Reputation: 159
I have a list of addresses, currently quite unclean. They take the format:
955 - 959 Fake Street
95-99 Fake Street
4-9 M4 Ln
95 - 99 Fake Street
99 Fake Street
What I would like to do is split up the street name and street number. I need a regex expression that is true for
955 - 959
95-99
4-9
95 - 99
99
I currently have this:
^[0-9][0-9]\s*+(\s*-\s*[0-9][0-9]+)
which works for the two digit addresses but does not work for the three or one digit addresses.
Thanks
Upvotes: 2
Views: 246
Reputation: 2259
Another way could be
In [83]: s = '955 - 959 Fake Street'
In [84]: s1 = '95-99 Fake Street'
In [85]: s2 = '95 - 99 Fake Street'
In [86]: s3 = '99 Fake Street'
In [87]: d = re.search(r'^[0-9]+[ ]*(-[ ]*[0-9]+){0,1}', s3)
In [88]: d.group()
Out[88]: '99 '
In [89]: d = re.search(r'^[0-9]+[ ]*(-[ ]*[0-9]+){0,1}', s2)
In [90]: d.group()
Out[90]: '95 - 99'
In [91]: d = re.search(r'^[0-9]+[ ]*(-[ ]*[0-9]+){0,1}', s1)
In [92]: d.group()
Out[92]: '95-99'
In [93]: d = re.search(r'^[0-9]+[ ]*(-[ ]*[0-9]+){0,1}', s)
In [94]: d.group()
Out[94]: '955 - 959'
the character set 0-9
cab be represented by \d
like this
d = re.search(r'^[\d]+[ ]*(-[ ]*[\d]+){0,1}', s)

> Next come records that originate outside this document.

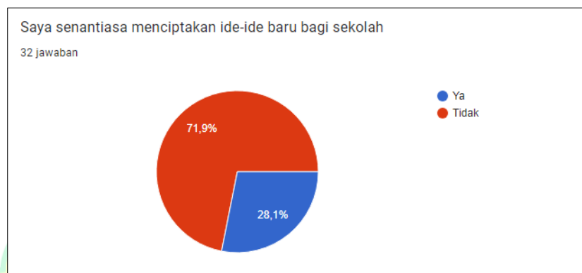
Gambar 1.1 Hasil Pra-Riset Perilaku Inovatif Guru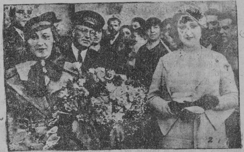
"Miss Cataluña" (1) y "Miss Balcáres" (2), que salieron para Madrid, con objeto de participar en el concurso organizado por "Ahora"

De los palitroqueros: nuestro paisano Va-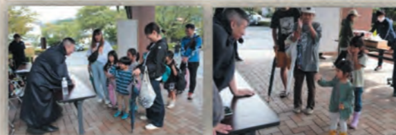
大魔王じゃんけんの様子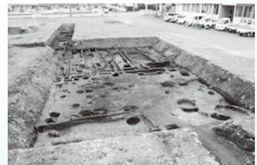
▲ハッ戸遺跡8区全景(北から)

ハッ戸遺跡 光勝寺 松土居 寺浦遺跡 などの出土遺物 と解説パネルを 展示します。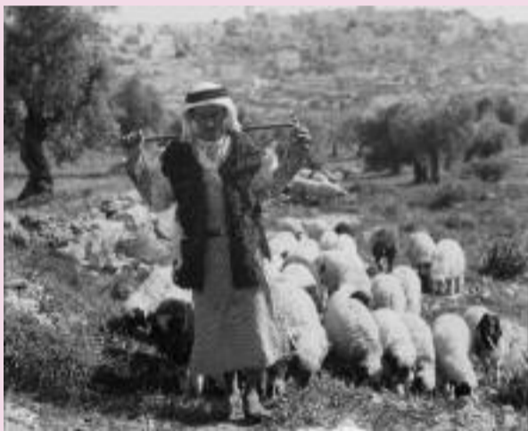
Pastýř pod Betlémem, 30. - 40. léta 20. stol.

Ježíši, jedli tu mé lásky obtížil hlad v triumfu zatajeném... Má duše poslouchá, chce dnes jen rozdávat tvým přesvatým jménem.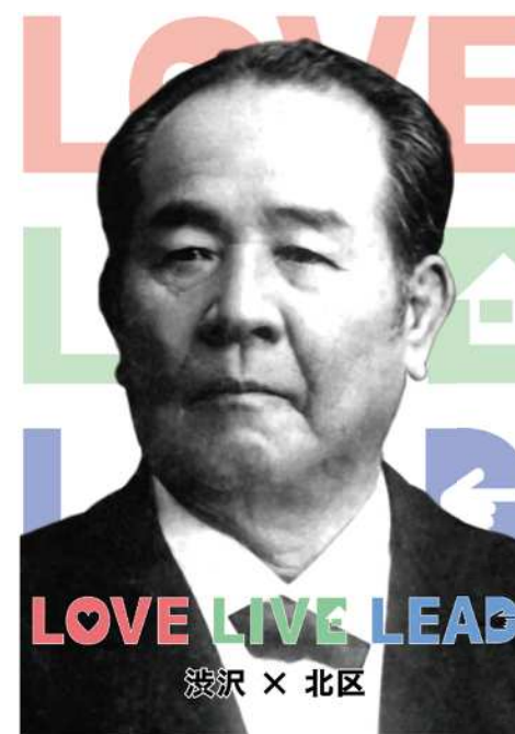
プロジェクトポスター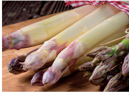
Lecker in der Spargelzeit: Spargel-Rucola-Salat in Kartoffel-Dressing mit gegrillten Schinken

Den Rucola putzen und waschen, gut abtrocknen lassen und zur Seite stellen. Spargel waschen, die unteren Enden großzügig abschneiden und gründlich schälen.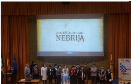
Alumnado de la Sede de Lebrija exponiendo su trabajo con el título "Con los ojos de Elio Antonio: Lebrija ayer, hoy y siempre".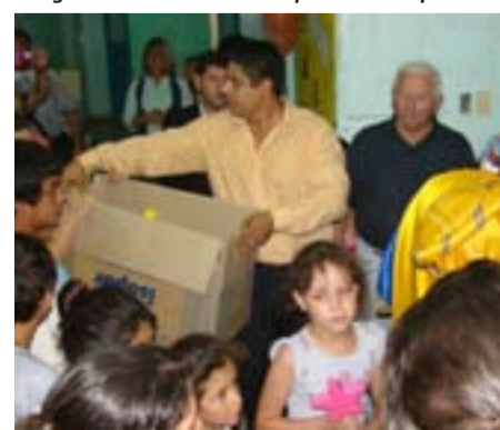
Entrega de juguetes en el Hospital de Albardón.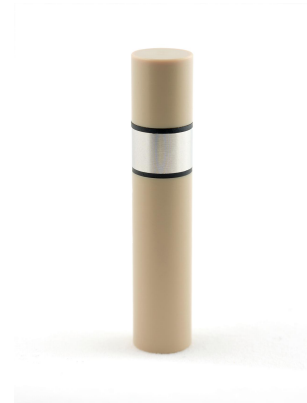
Abbildung 1 Rotierende Zylinderelektrode mit Metalleinsatz, O-Ringe aus Viton (schwarz) und PEEK-Halter.

Inhibitor gelagert. Nach der Aufzeichnung des Leerlaufpotentials (OCP) für fünf Minuten wurden LP-Messungen von -20 mV und +20 mV gegen OCP mit einer Scanrate von 1 \text{ mV s}^{-1} durchgeführt. Bei Korrosionsvorgängen wird das OCP auch als Korrosionspotential, E_{corr} , bezeichnet. Alle Daten wurden mit der NOVA-Software aufgezeichnet und analysiert. Alle Potentiale wurden gegen das Potential der Referenzelektrode aufgezeichnet, d. h. gegen Ag/AgCl 3 mol/L KCl. Die Experimente wurden bei Raumtemperatur durchgeführt.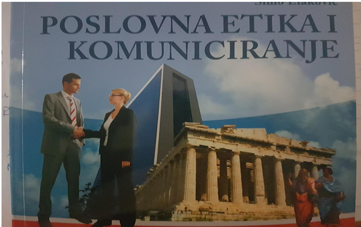
Slika 1.: Poslovna etika i komuniciranje 2

U donošenju etičkih odluka vrednosni stavovi menadžera imaju prevashodni značaj. Oni su naročito izraženi u slučajevima koji, niti su obuhvaćeni pisanim aktima, niti su se ranije pojavljivali u praksi.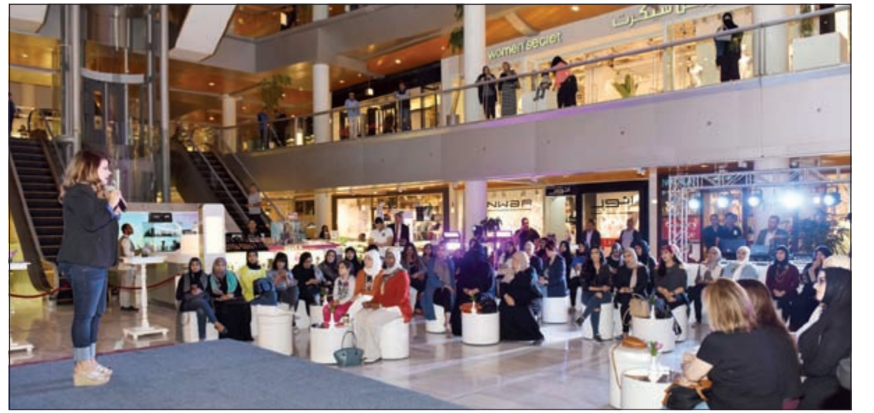
مناقشة مع الحضور

والى جانب العارضين، سيوفر المجلس الثقافي البريطاني موظفين مدربين للإجابة على الاستفسارات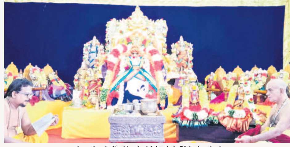
కూర్మావతారంలో భక్తులకు దర్శనమిస్తున్న కోదండ రాముడు

భద్రాచలం, డిసెంబర్ 14 : భద్రాచలం సీతారామచంద్రస్వామి దివ్యక్షేత్రంలో దేవస్థానం అధ్యక్షంలో నిర్వహిస్తున్న ముక్కోటి ఏకాదశి అర్చనలు వైభవంగా కొనసాగుతున్నాయి. గురువారం రెండో రోజు భద్రాద్రి రామయ్య కూర్మావతారంలో భక్తులకు దర్శనమిస్తున్నాడు. స్వామివారిని చూసి మురిసిపోయారు. ఉదయం స్వామివారి నిత్య కల్యాణ మూర్తులు, ఉత్తమ మూర్తులను జేదా మండపానికి తీసుకొచ్చి ప్రత్యేక అభిషేకం నిర్వహించారు. ప్రత్యేక పూజలు చేసిన తర్వాత స్వామివారికి వేద విన్నపాలు చేశారు. అనంతరం స్వామివారిని అంతరాలయంలోకి తీసుకొని కార్యవతారంలో అలంకరించి జేదా మండపానికి తీసుకొచ్చి అర్చనలు చేశారు. నాలాయిర దివ్య ప్రబంధంలోని 200 పాఠాలు, వేద పారాయణం పఠించారు. తర్వాత స్వామివారికి రాజభోగం సమర్పించారు. జేదా మండపంలో స్వామివారిని భక్తుల దర్శనార్థం ఉంచి మూర్త్యులను 2 గంటలకు సమస్త మంగళవాద్యాలను, వేద పండితుల వేద ఘోషలతో, కోలాట నృత్యాలతో గోదావరి తీరానికి తీసుకొచ్చారు. అక్కడి నుంచి మిథిలా స్టేషన్ కి తీసుకొచ్చి హారతలు సమర్పించి.. అర్చనలు చేశారు. జిల్లాలోని వివిధ ప్రాంతాల నుంచి భక్తులు అధిక సంఖ్యలో తరలివచ్చి కూర్మావతారంలో ఉన్న స్వామివారిని

Here, in all the examples, we are searching at the beginning of the string, for a sequence of at least one digit followed by zero or more spaces and optionally followed by at most one sequence of only one -
symbol followed by zero or more spaces and at least one or more digits.
Upvotes: 0
Reputation: 103814
For your example, you can do:
/^(\d+[-\s\d]*)\s/gm
Explanation:
/^(\d+[-\s\d]*)\s/gm
^ start of line
^ at least 1 digit and as many digits as possible
^ any character of the set -, space, digit
^ zero or more
^ trailing space
^ multiline for the ^ start of line assertion
Upvotes: 2
Reputation: 197
Starting from your regex:
^[0-9][0-9]\s*+(\s*-\s*[0-9][0-9]+)
You got an extra white space matcher in the second block:
^[0-9][0-9]\s*+(-\s*[0-9][0-9]+)
I would suggest you replace [0-9]
with \d
^[\d][\d]\s*+(-\s*[\d][\d]+)
Use a +
instead o 2 copies of \d
meaning at least one number:
^[\d]+\s*+(-\s*[\d]+)
Make the last block optional, so it matches 99 Fake Address
:
^[\d]+\s*+(-\s*[\d]+)?
If you know there's only going to be 1 white space, you could replace \s*
with \s?
:
^[\d]+\s?(-\s?[\d]+)?
That should match all of them :D
Upvotes: 2
Reputation: 2365
You can use braces {2,3} for 2-3 numbers - but also *+
isn't right.
/^(([0-9]{1,3}\s-\s)?[0-9]{1,3})\s/
I nested the braces so you only want the first result from the regex.
it breaks up like this
([0-9]{1,3}\s-\s)?
first, Is there a 1-3 digit number with a space-dash-space - OPTIONAL
then.. does it end in a 1-3 digit number followed by a space.
Upvotes: 2
Reputation: 12649
I'm not sure what you're trying to do here \s*+
but you basically had the answer with the last part [0-9][0-9]+
that would find 2+ digits on the end.
Maybe try this (it's more concise). This searches for 1+ digits instead of 2+
\d+(\s*-\s*\d+)?
Upvotes: 4